═══ EXERCISE MATERIALS

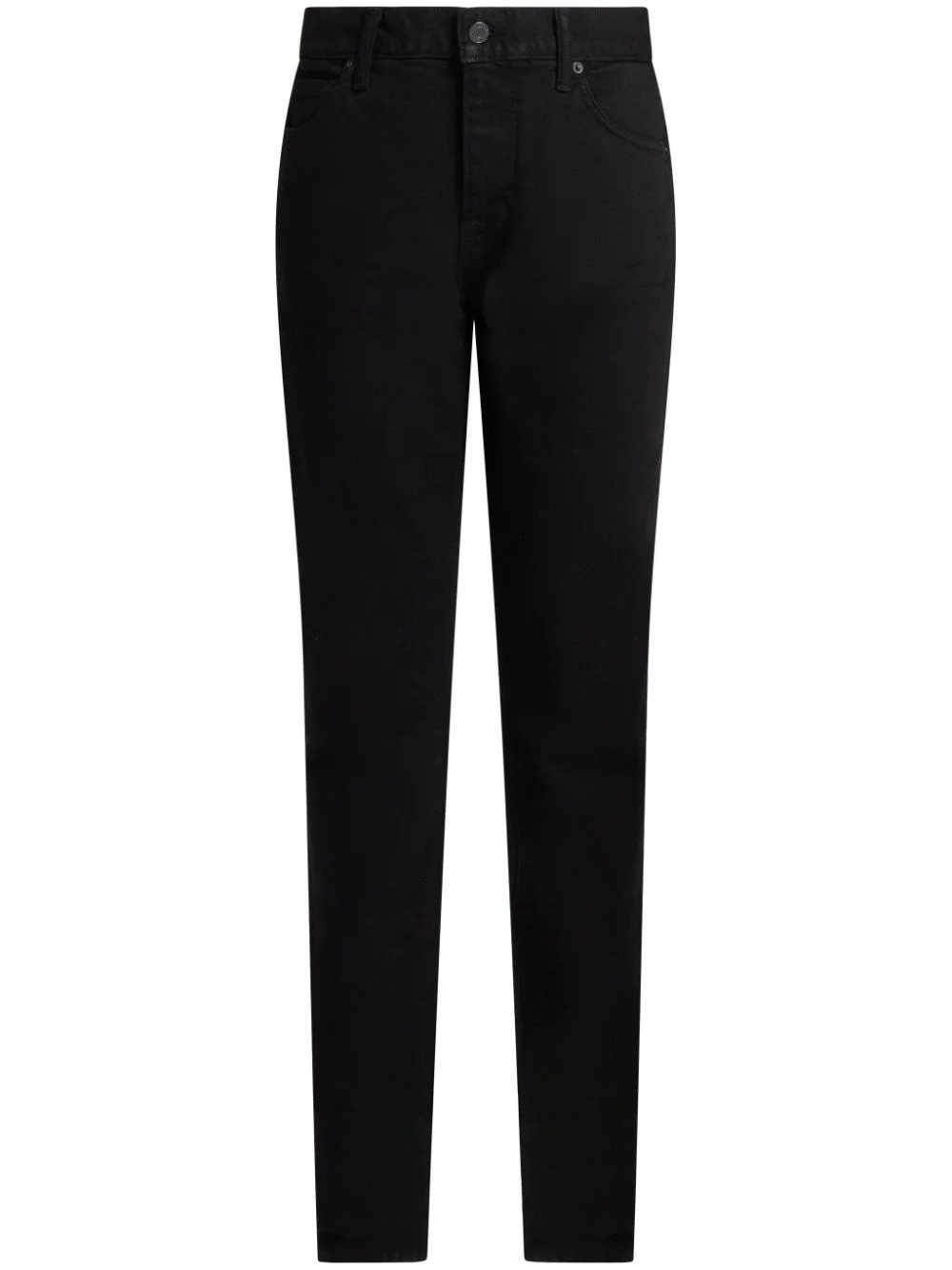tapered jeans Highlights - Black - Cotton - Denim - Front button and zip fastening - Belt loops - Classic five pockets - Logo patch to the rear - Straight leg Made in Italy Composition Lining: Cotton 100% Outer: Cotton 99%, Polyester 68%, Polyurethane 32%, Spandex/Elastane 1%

══════
═══ EXERCISE MATERIALS

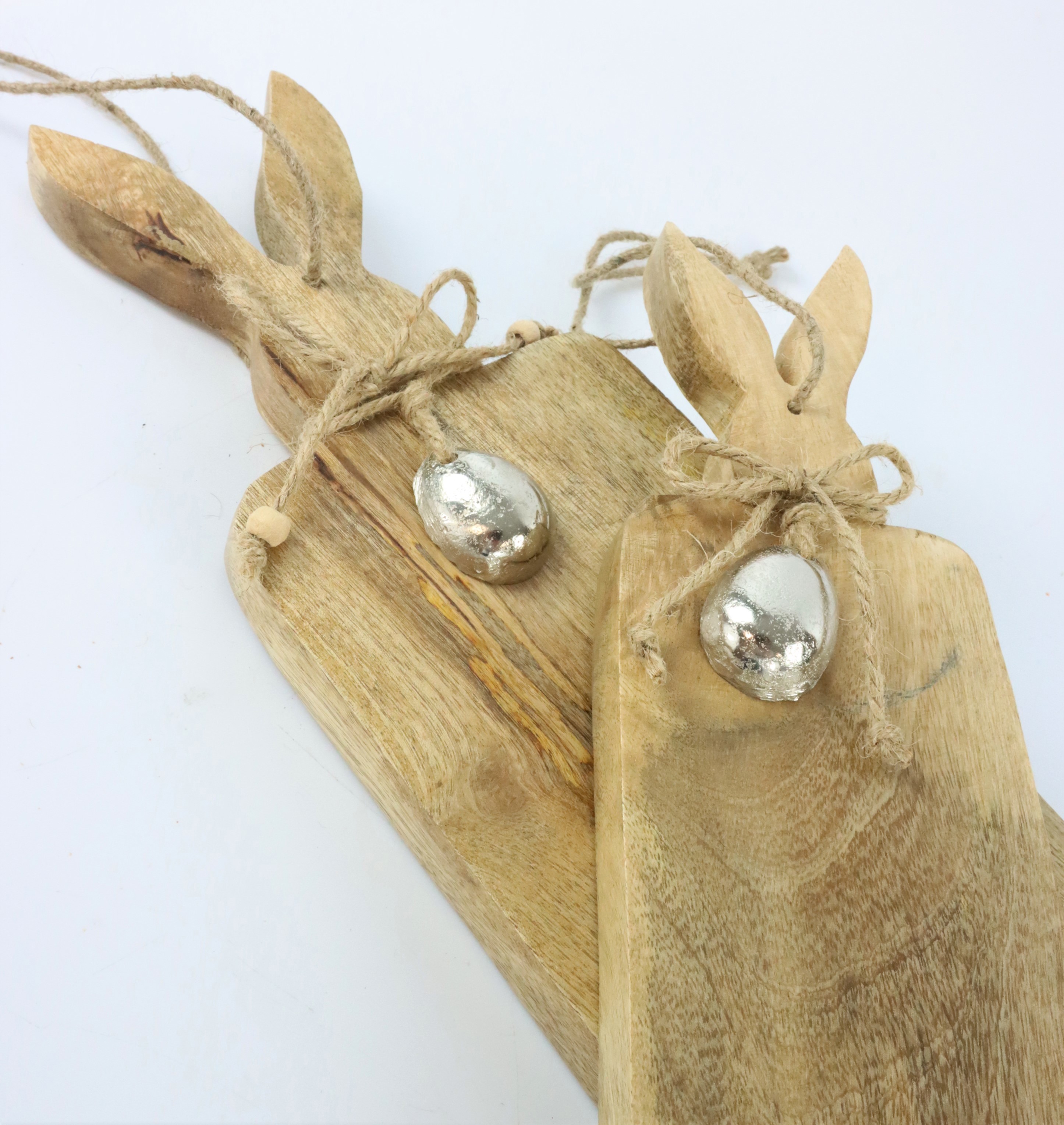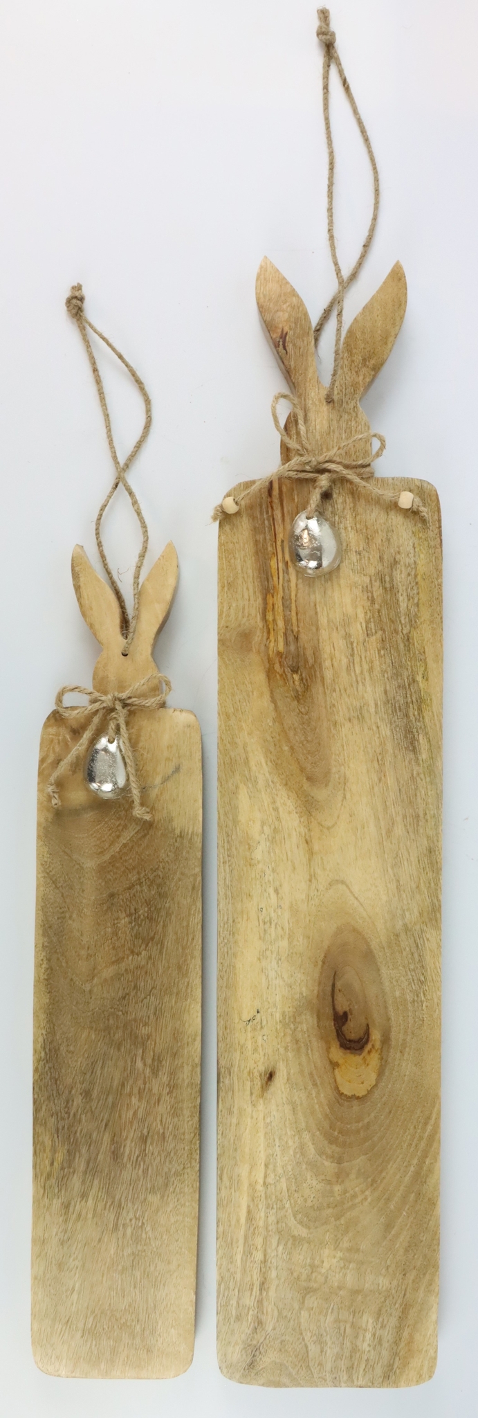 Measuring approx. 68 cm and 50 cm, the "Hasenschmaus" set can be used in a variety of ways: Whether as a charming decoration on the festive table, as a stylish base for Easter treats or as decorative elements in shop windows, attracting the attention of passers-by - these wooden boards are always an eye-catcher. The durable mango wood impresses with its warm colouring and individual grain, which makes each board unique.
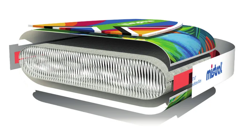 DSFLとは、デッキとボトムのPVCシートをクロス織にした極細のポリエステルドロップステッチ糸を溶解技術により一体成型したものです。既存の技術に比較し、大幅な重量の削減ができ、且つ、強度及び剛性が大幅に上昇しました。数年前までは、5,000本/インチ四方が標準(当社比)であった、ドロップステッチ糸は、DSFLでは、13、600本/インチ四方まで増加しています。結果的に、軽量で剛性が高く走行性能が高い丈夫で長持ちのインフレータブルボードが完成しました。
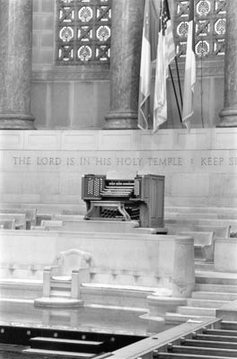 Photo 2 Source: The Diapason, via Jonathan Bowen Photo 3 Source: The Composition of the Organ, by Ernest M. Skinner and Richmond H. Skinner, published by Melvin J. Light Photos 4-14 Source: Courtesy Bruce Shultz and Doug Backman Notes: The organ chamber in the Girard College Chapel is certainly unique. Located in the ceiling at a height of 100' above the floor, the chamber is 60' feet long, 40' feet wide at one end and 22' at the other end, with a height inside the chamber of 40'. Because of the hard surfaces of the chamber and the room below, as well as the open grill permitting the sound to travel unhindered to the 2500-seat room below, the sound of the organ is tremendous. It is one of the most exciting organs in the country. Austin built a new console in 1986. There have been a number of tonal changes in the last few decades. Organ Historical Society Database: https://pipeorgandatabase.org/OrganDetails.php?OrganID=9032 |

══════
═══ EXERCISE MATERIALS

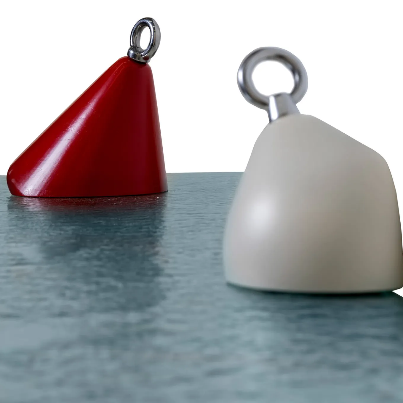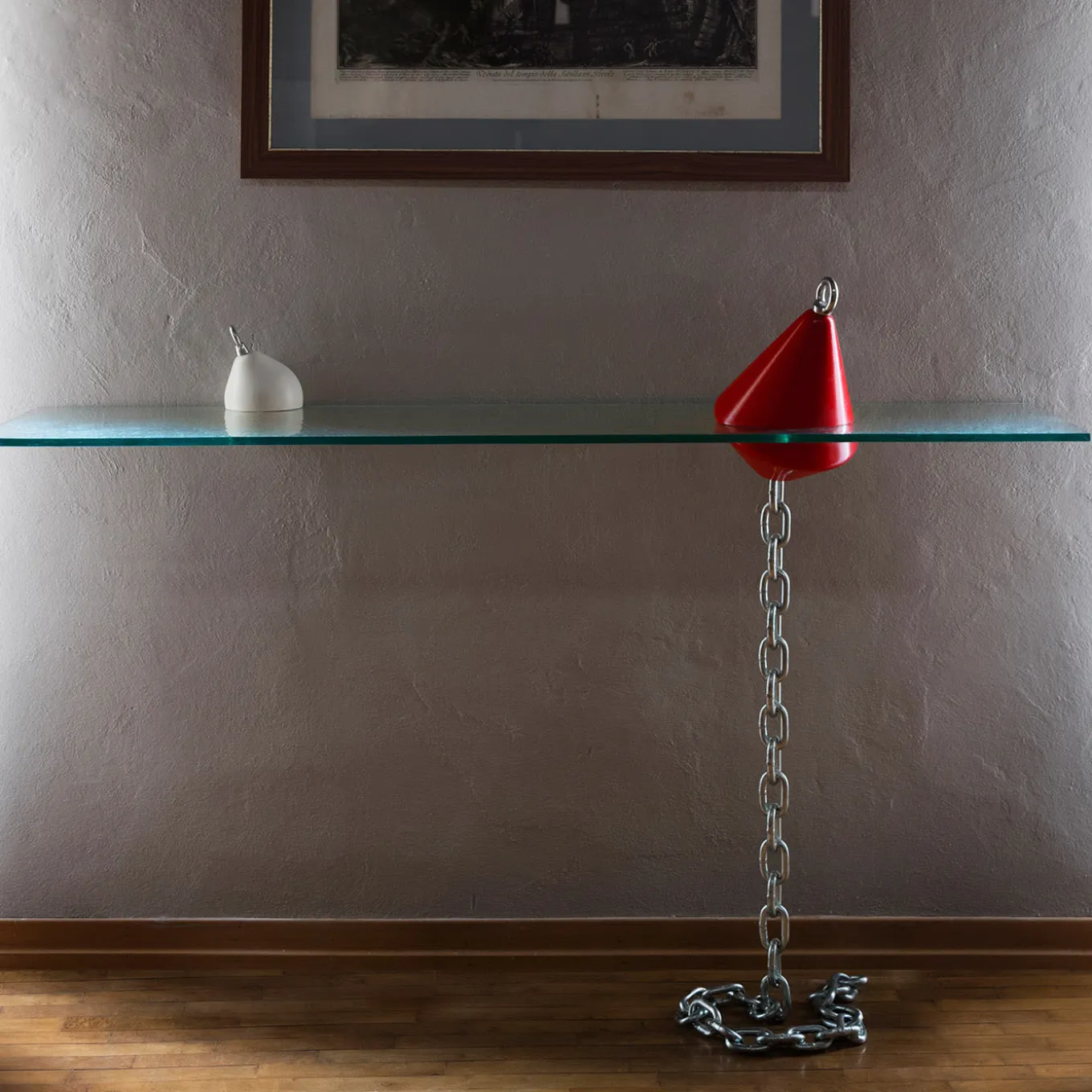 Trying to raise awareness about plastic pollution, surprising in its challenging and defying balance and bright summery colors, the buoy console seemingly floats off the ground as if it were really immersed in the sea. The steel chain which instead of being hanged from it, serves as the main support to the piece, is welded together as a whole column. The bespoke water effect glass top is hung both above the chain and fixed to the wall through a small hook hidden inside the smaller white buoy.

══════

◆ TASK TO COMPLETE
For the data above, set down exactly the lines from the line with "Measuring approx. 68" to the line with "DSFLとは、デッキとボトム", both included, leaving pictures out.

◆ OUTPUT
 Measuring approx. 68 cm and 50 cm, the "Hasenschmaus" set can be used in a variety of ways: Whether as a charming decoration on the festive table, as a stylish base for Easter treats or as decorative elements in shop windows, attracting the attention of passers-by - these wooden boards are always an eye-catcher. The durable mango wood impresses with its warm colouring and individual grain, which makes each board unique.
 DSFLとは、デッキとボトムのPVCシートをクロス織にした極細のポリエステルドロップステッチ糸を溶解技術により一体成型したものです。既存の技術に比較し、大幅な重量の削減ができ、且つ、強度及び剛性が大幅に上昇しました。数年前までは、5,000本/インチ四方が標準(当社比)であった、ドロップステッチ糸は、DSFLでは、13、600本/インチ四方まで増加しています。結果的に、軽量で剛性が高く走行性能が高い丈夫で長持ちのインフレータブルボードが完成しました。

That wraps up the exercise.